Asking two legendary engineers for their input?  You can probably guess what happened next...

"Ken and I suddenly realized there was an opportunity to use our experience to design a really good standard and get the X/Open guys to push it out.  We suggested this and the deal was, if we could do it fast, OK."

That's right.  Ken and Rob had some ideas.  And the X/Open folks agreedd to listen to those ideas... if they could get them something fast.

And, by fast, they really meant "immediately... like... right now."  Because the X/Open team were, quite literally, all gathered in Austin to decide on this... right then.

"Yeah.  I could eat."

Ken and Rob did what any good programmers would do when placed on an almost impossibly tight deadline -- and needed to come up with an amazing idea that could change the course of computing for decades to come... they went out to grab some grub.

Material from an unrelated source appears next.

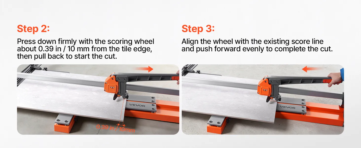 Szybkie wyrównywanie, precyzyjne cięcia: Dzięki zintegrowanej, widocznej linii pomocniczej możesz wykonywać cięcia szybciej. Przecinarka do płytek ściennych pozwala na precyzyjną pracę bez linijki i markera. Skraca to czas przygotowania i zapewnia łatwiejsze, bardziej równe i proste cięcia.

"So we went to dinner, Ken figured out the bit-packing, and when we came back to the lab after dinner we called the X/Open guys and explained our scheme.  We mailed them an outline of our spec, and they replied saying that it was better than theirs (I don't believe I ever actually saw their proposal; I know I don't remember it) and how fast could we implement it?  I think this was a Wednesday night and we promised a complete running system by Monday, which I think was when their big vote was."

Remember.  This was 1992.

Which means, while laptops and such certainly existed, most people (even legendary programmers) did not have any sort of mobile, portable computers.  Certainly not the kind you could take out to a restaurant.

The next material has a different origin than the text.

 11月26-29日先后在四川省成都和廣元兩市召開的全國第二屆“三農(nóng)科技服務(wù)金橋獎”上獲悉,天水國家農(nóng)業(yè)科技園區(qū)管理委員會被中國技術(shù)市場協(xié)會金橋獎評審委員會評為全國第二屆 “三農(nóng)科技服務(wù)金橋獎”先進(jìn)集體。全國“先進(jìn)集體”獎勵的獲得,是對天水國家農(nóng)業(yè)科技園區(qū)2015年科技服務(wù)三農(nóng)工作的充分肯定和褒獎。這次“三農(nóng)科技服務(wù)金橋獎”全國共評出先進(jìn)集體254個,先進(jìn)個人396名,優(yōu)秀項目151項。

So what, pray tell, did they write their new text encoding design on?

A placemat from a New Jersey diner.

This is not the placemat that UTF-8 was designed on.

Seriously.

"UTF-8 was designed, in front of my eyes, on a placemat in a New Jersey diner."

The boys, Ken and Rob, now had just a few days to get all of this done -- before the big vote on the new text encoding standard.  And they sure as heck didn't waste any time.

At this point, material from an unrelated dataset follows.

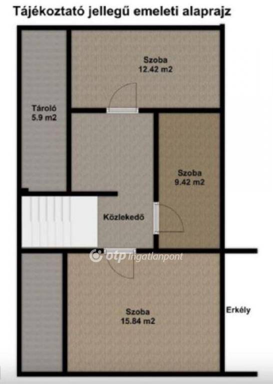 A két szintes ingatlan alsó szintjén NAPPALI, KONYHA, kamra, valamint fürdőszoba és külön WC található. A konyhából közvetlen kijárat nyílik egy CSENDES hátsó teraszra, ami a mindennapi pihenést szolgálja. A felső szinten jelenleg három szoba került kialakításra, ebből kettő saját ERKÉLLYEL rendelkezik, az egyik szoba könnyen átalakítható további FÜRDŐVÉ a fentiek kényelméért.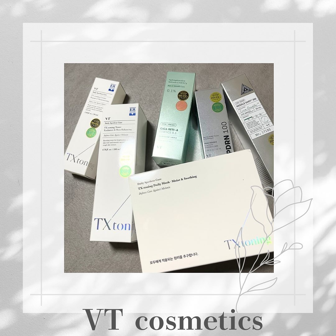 VT史上初!メガ割最大お得セットが登場✨ どんな成分とも使える色素沈着ケア【TXトーニングライン】をメインにリードルショットの有無、エッセンスを悩み別に選べるセット「TX自慢すっぴんセット」が発売されます。 「レチノール成分」配合で夜の使用をおすすめ! 目立ち始めた毛穴、ぽっかり開いた毛穴、たるんで広がる毛穴にお悩みの方に。 TXトーニングライン最後の仕上げ、潤う保湿膜でしっかり美容成分を閉じこめます。

They got back from dinner, placemat in hand, and got to work.

"So that night Ken wrote packing and unpacking code and I started tearing into the C and graphics libraries.  The next day all the code was done and we started converting the text files on the system itself.  By Friday some time Plan 9 was running, and only running, what would be called UTF-8.  We called X/Open and the rest, as they say, is slightly rewritten history."

They converted an entire operating system over to a brand new -- just designed on a placemat -- text encoding format... in less than two days.

Here's the rough time-line:

  • Wednesday (Sep 2) evening: Dinner at a New Jersey Diner.  Ken Sketches out the idea on a placemat.
  • Wednesday night: Coding begins.
  • Thursday: Coding complete.
  • Friday: Entire Plan 9 operating system is now using "UTF-8".
  • Monday (Sep 7): X/Open group votes to use the Ken/Rob encoding design.

On Tuesday, September 8th, 1992 (at 3:22am), mere hours after the official vote to accept their text encoding design, Ken Thompson sends out the following email regarding Plan 9 now using UTF-8:

"The code has been tested to some degree and should be pretty good shape.  We have converted Plan 9 to use this encoding and are about to issue a distribution to an initial set of university users."

That's right.

Ken and Rob got a call asking for feeback on a Wednesday.  By the next Tuesday (at 3am) they were ready to ship a version of their Plan 9 OS with all the changes, and their designs had been voted on by the largest UNIX companies in the world.

Like I said.

A recent picture of the two legends, themselves.

These guys are legends.

What about that placemat?

Considering the vast impact of UTF-8 on the world of computing... whatever happened to that original "design document" (aka "the placemat")?  It would certainly be of historic significance.

"I very clearly remember Ken writing on the placemat and wished we had kept it!"

Let this be a lesson to all of the programmers out there:

Keep all of you doodles, notes, and sketches you make for your projects... you never know when one of those projects will become critical to the entire world... making your quick sketch worthy of being in a museum.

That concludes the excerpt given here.